I then did some research on that regiment, e.g. I sat in the Scottish Room of the Central Library in Edinburgh for days on end and copied out every reference to that regiment that I could find in the pages of the Edinburgh Evening Courant from 1795 to 1799, when the regiment was disbanded at Hopetoun House, Linlithgow. By coincidence, I was then living in Linlithgow. My notes run to five pages of A4. I'll be glad to share them with anyone who is interested, but I will need your email or snail-mail addresses to send them to, as there's too much to summarise. I also have a photocopy of the picture of the 3rd Earl of Hopetoun in Kay's Edinburgh Portraits, in the uniform of the regiment.
Hi Harry
I've just been reading this thread with enormous interest and am wondering if I could ask for your help. I'm trying to establish whether a chap called Samuel Player ever served in the Hopetoun Fencibles at the same time as one of the Hopetoun Captains, one Thomas Durham. Samuel Player joined the Fifeshire Fencibles when it was first raised by James Durham (I believe this was Thomas's brother) in 1795, and I think Thomas went to the Fifeshires too at that time, becoming a Lt Col under his brother, the Colonel.
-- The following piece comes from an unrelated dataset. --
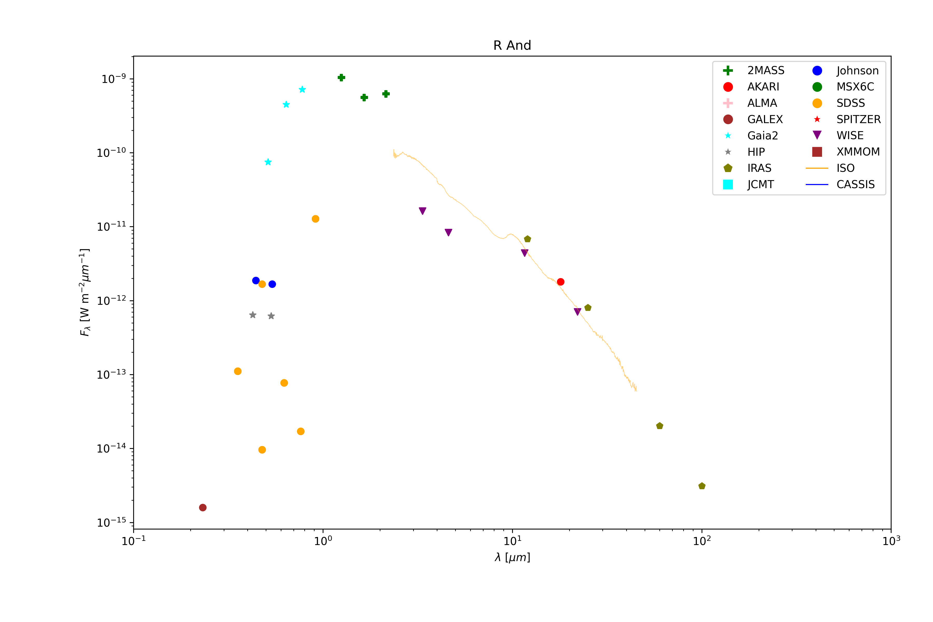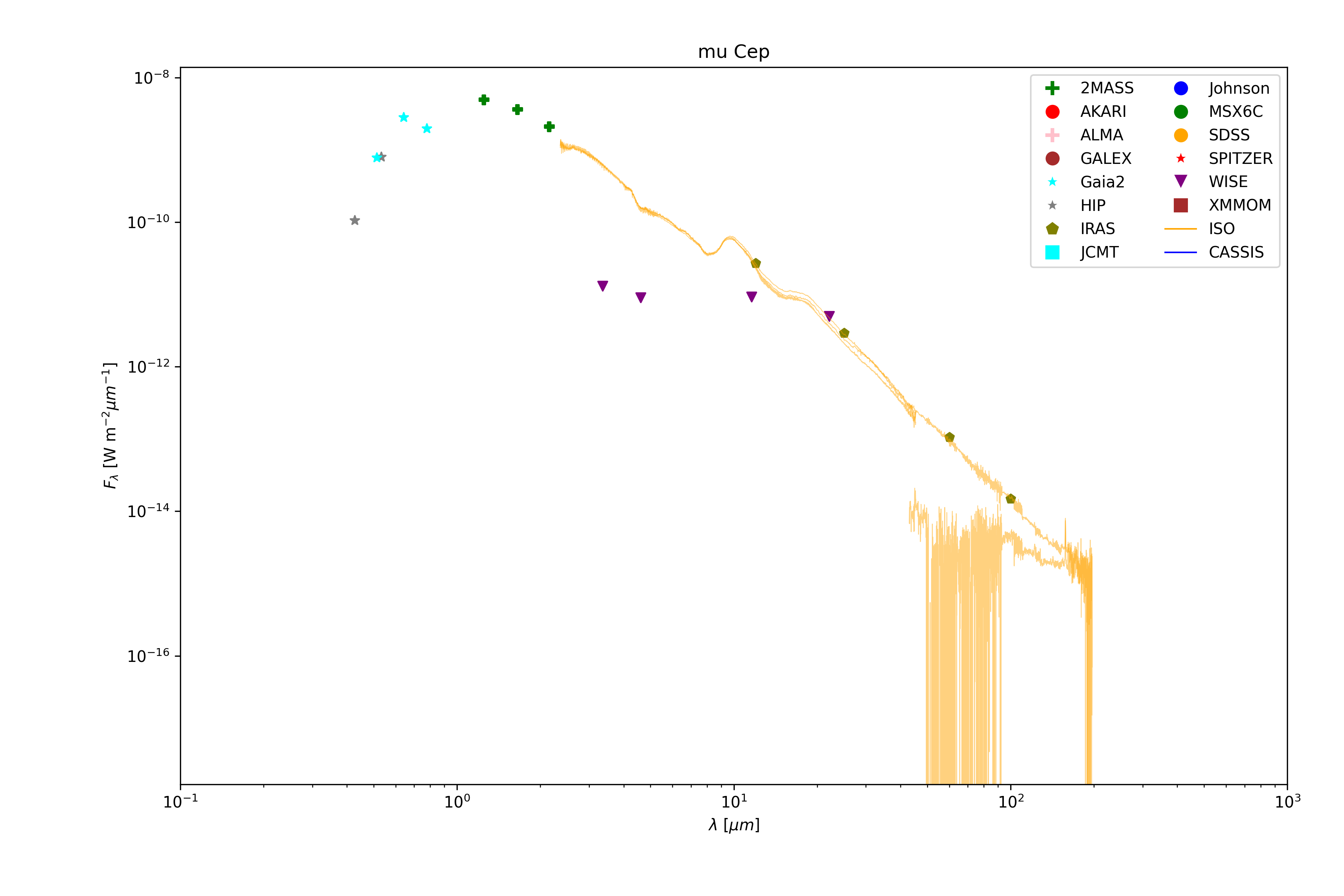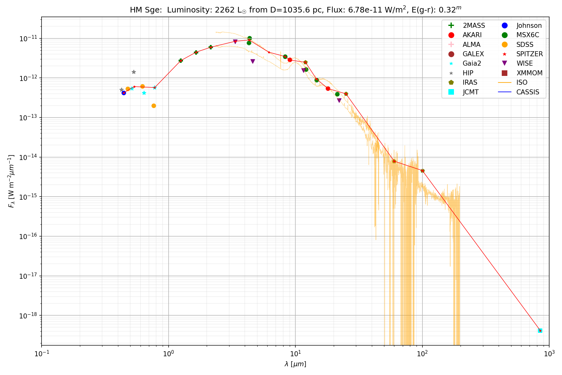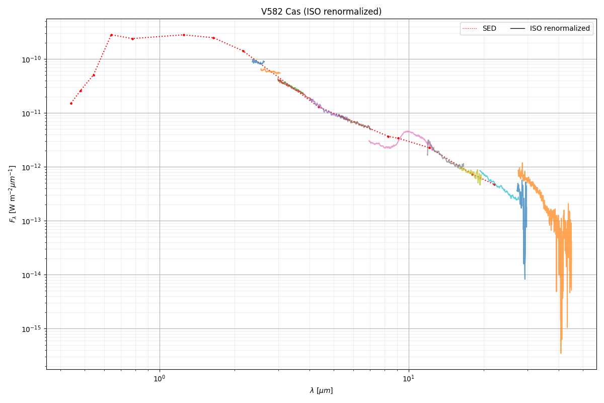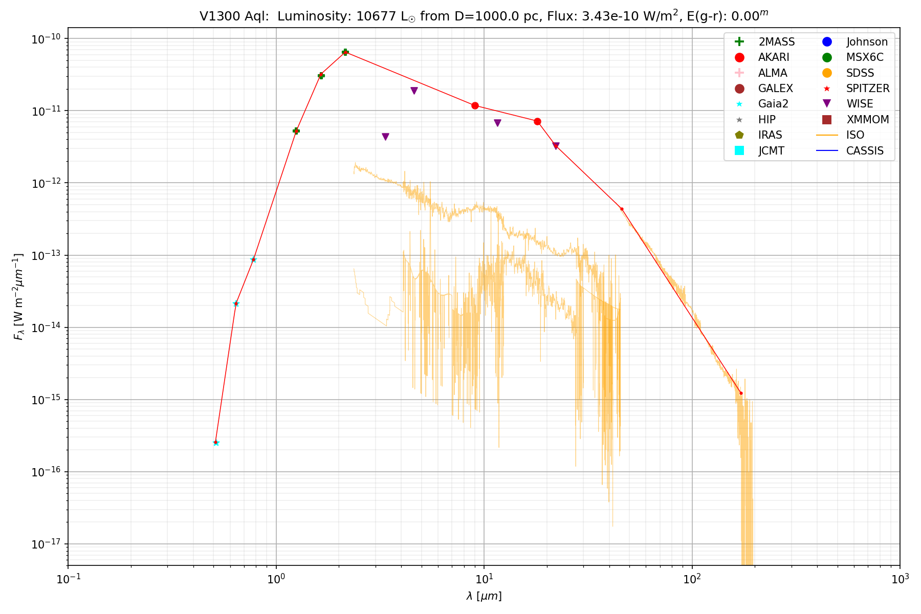 So, for each object, a file with our collected photometry, a file with the SED (corrected and uncorrected for interstellar absorption), a JSON containing all defined and collected data, and an archive with all ISO and Spitzer data and spectra (if available) are available.

The Hopetoun period I'm interested in, therefore is from its inception in March 1793 to the middle of 1795 when James Durham (I think) took his brother Thomas with him to his own new regiment, and possibly a private called Samuel Player too.
I will go to Kew armed with the reference they gave you in the letter you kindly shared with this forum regarding their Muster Book holdings for the Hopetouns in WO 13 to look for Samuel's name, but you have done such an admirable amount of work on all this already, I was just wondering if by any chance Captain Thomas Durham, or even Private Samuel Player, had in any way impinged upon your consciousness already?
I'd be so grateful for any thoughts you may have.